EXERCISE OBJECTIVE ->
Leave the pictures out and restate every line below exactly.

AVAILABLE DATA ->

★ ★ ★

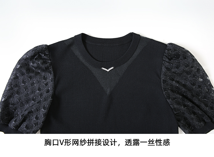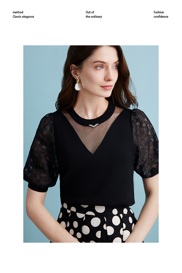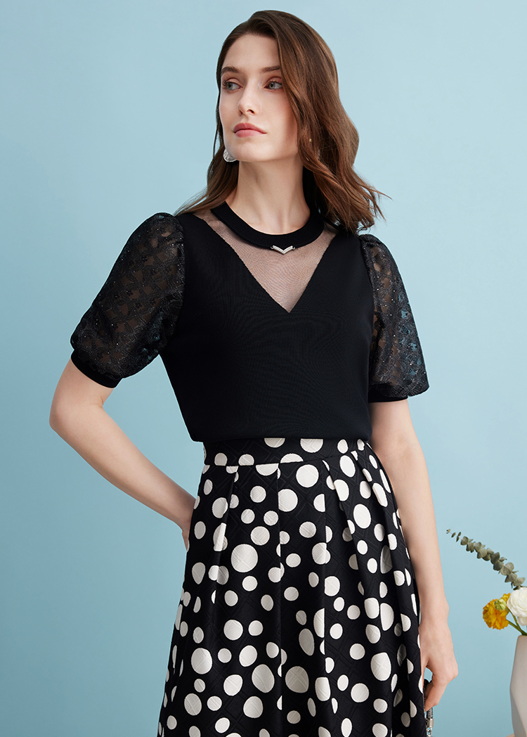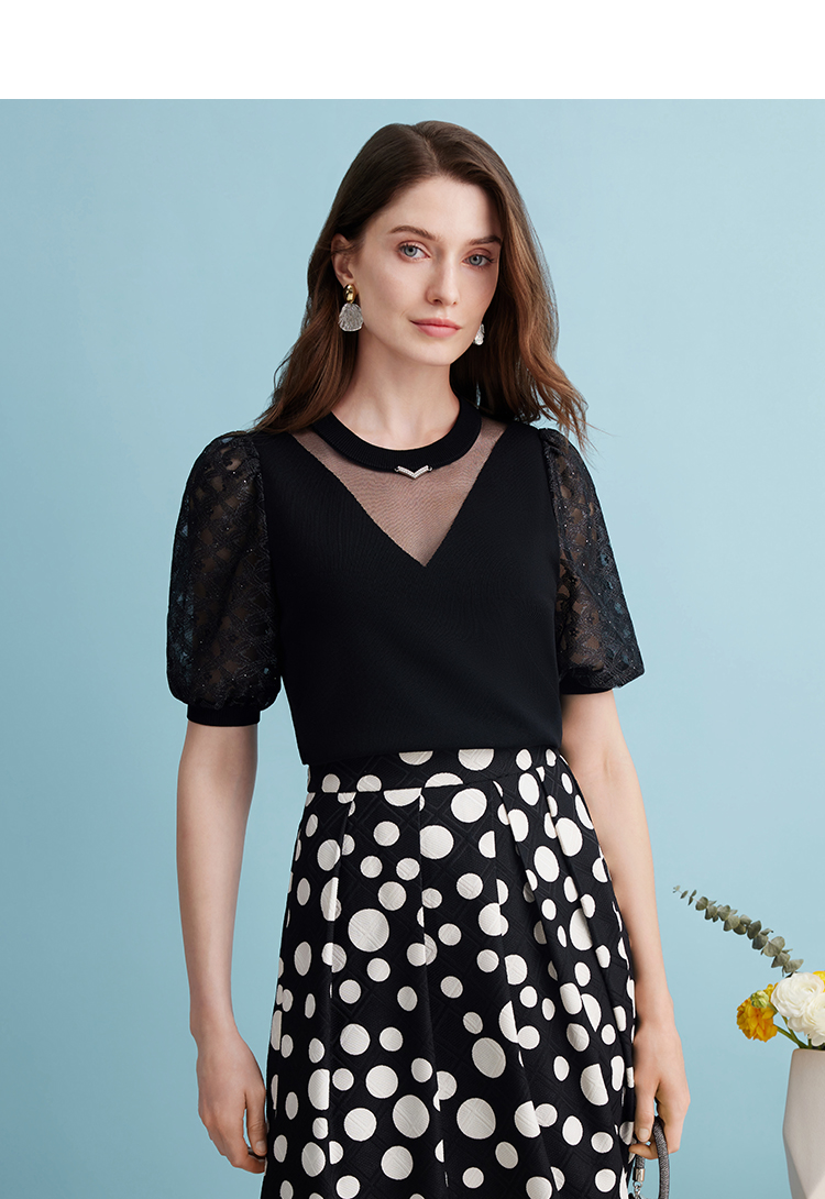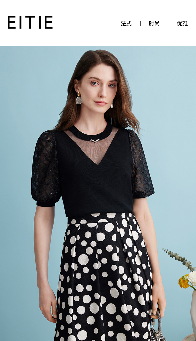 EITIE爱特爱夏季新款镂空网纱气质圆领黑色莱赛尔针织衫上衣B2401318
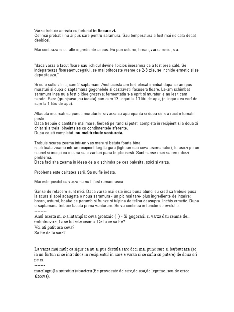 Varza Trebuie Aerisita Cu Furtunul In Fiecare Zi
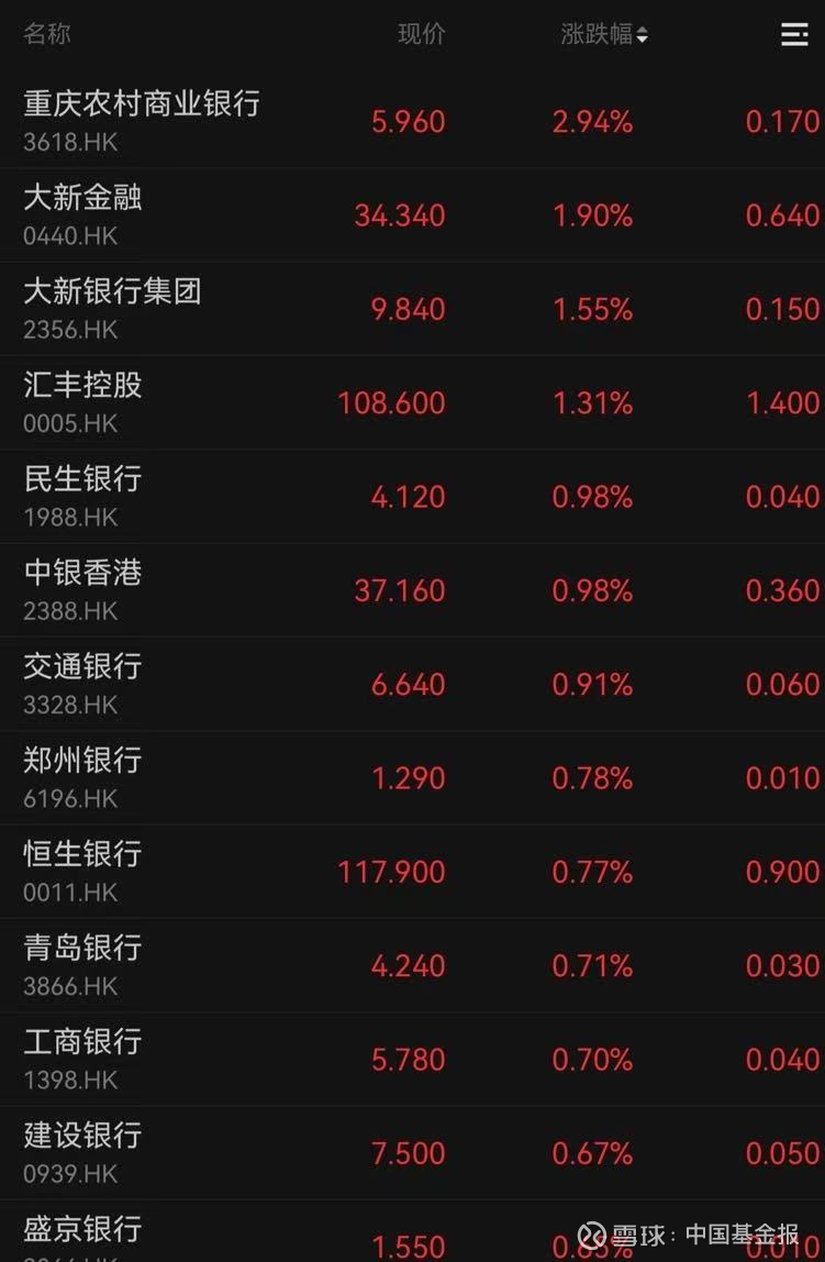 内资行重庆农村商业银行、郑州银行和青岛银行分别上涨2.94%、0.78%、0.71%,香港本地银行大新银行集团和外资行汇丰控股分别上涨1.55%、1.31%。

★ ★ ★

ANSWER SECTION ->
 EITIE爱特爱夏季新款镂空网纱气质圆领黑色莱赛尔针织衫上衣B2401318
 Varza Trebuie Aerisita Cu Furtunul In Fiecare Zi
 内资行重庆农村商业银行、郑州银行和青岛银行分别上涨2.94%、0.78%、0.71%,香港本地银行大新银行集团和外资行汇丰控股分别上涨1.55%、1.31%。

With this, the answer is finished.